Identity & Access Management (IAM)

- Own IAM/IGA, SSO/MFA, PAM, privileged session monitoring; enforce least privilege, JIT access, and high assurance controls for high risk workflows (e.g., EHR admin, OT).

- Conduct periodic access reviews and certs; integrate identity guardrails into Agile CI/CD and change processes.

Data Protection

- Lead data classification, DLP, encryption (at rest/in transit/in use), key management, tokenization, and de identification for research/analytics; partner with Privacy.

- Establish guardrails for data use in cloud/SaaS and with third parties; monitor and remediate data handling risks.

_Cyber Architecture & Engineering_

- Define Zero Trust architecture; secure reference architectures for cloud (IaaS/PaaS/SaaS) and on prem; operate CSPM/CWPP posture management.

- Embed secure SDLC / DevSecOps (threat modeling, SAST/DAST/IAST, SBOM, software supply chain security); provide reusable patterns and hardened baselines.

- Partner with platform teams on secure build pipelines; codify controls as policy as code.

_Platform Security Domains_

- **Endpoint Management:** OS/app hardening baselines, EDR policy, device compliance; integrate with patch/change windows.

- **Firewall:** Network segmentation strategy, rule lifecycle governance, change control; coordinate with MSP network teams.

- **Cloud Security:** Guardrails, identity boundaries, key/cert management, workload posture; integrate with product teams’ Agile delivery.

- **Email Security (Proofpoint):** Advanced threat protection, impersonation/BEC defenses, policy tuning; measure catch/allow rates and false positives.

- **SOC Integration:** Use case roadmap, tuning, detection engineering, purple teaming; multi MSP handoffs tested and measured.

Key Success Factors

- **Education/Credentials:** Bachelor’s in Cybersecurity/CS/IS or related field; Master’s preferred. Executive level security certification(s) (e.g., CISSP, CISM, CISA, CCISO or comparable).

- **Experience:** 15-20 years relevant experience with 10+ years progressive IT/security leadership in large, complex, regulated settings; 5+ years leading enterprise security portfolios. Health system experience preferred.

- **Strategy → Execution:** Demonstrated ability to prioritize highest impact risks and convert strategy into an executable, Agile aligned cascade (daily→annual) with measurable outcomes.

- **MSP Leadership:** Multi provider integration expertise; establishing common standards, OLAs/XLAs, joint playbooks, action oriented governance and commercial levers with VMO/Supply Chain.

- **NIST & Regulatory Mastery:** NIST CSF/800 53, HIPAA/HITECH, 405(d) HICP, HITRUST mappings, PCI (as applicable), FDA/medical device guidance, privacy/security interplay.

- **Architecture & Ops:** Zero Trust, IAM/IGA/PAM/MFA, cloud security, secure SDLC & software supply chain, EDR/XDR/SIEM, exposure mgmt, IR/crisis comms.

- **Executive Communication:** Storytelling for Board/executives; operational translation for engineers and clinicians; calm leadership under pressure. Ability to handle sensitive information and collaborate across clinical, administrative, and technical teams.
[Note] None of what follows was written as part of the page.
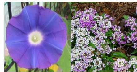
新宿 アサガオ、アリッサム
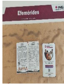
INE QUINTANA ROO

- **People & Culture:** Team builder and coach; cultivates a learning, high trust, high accountability culture; scales capability via MSPs and internal talent.

Minimum Requirements

- Bachelor’s Degree (Information Security, IT, Computer Science, or related preferred).

- 10 years of experience

As a health care system committed to improving the health of those we serve, we are asking our employees to model the same behaviours that we promote to our patients. As of January 1, 2012, Baylor Scott & White Health no longer hires individuals who use nicotine products. We are an equal opportunity employer committed to ensuring a diverse workforce. All qualified applicants will receive consideration for employment without regard to race, color, religion, sex, national origin, disability status, protected veteran status, or any other characteristic protected by law.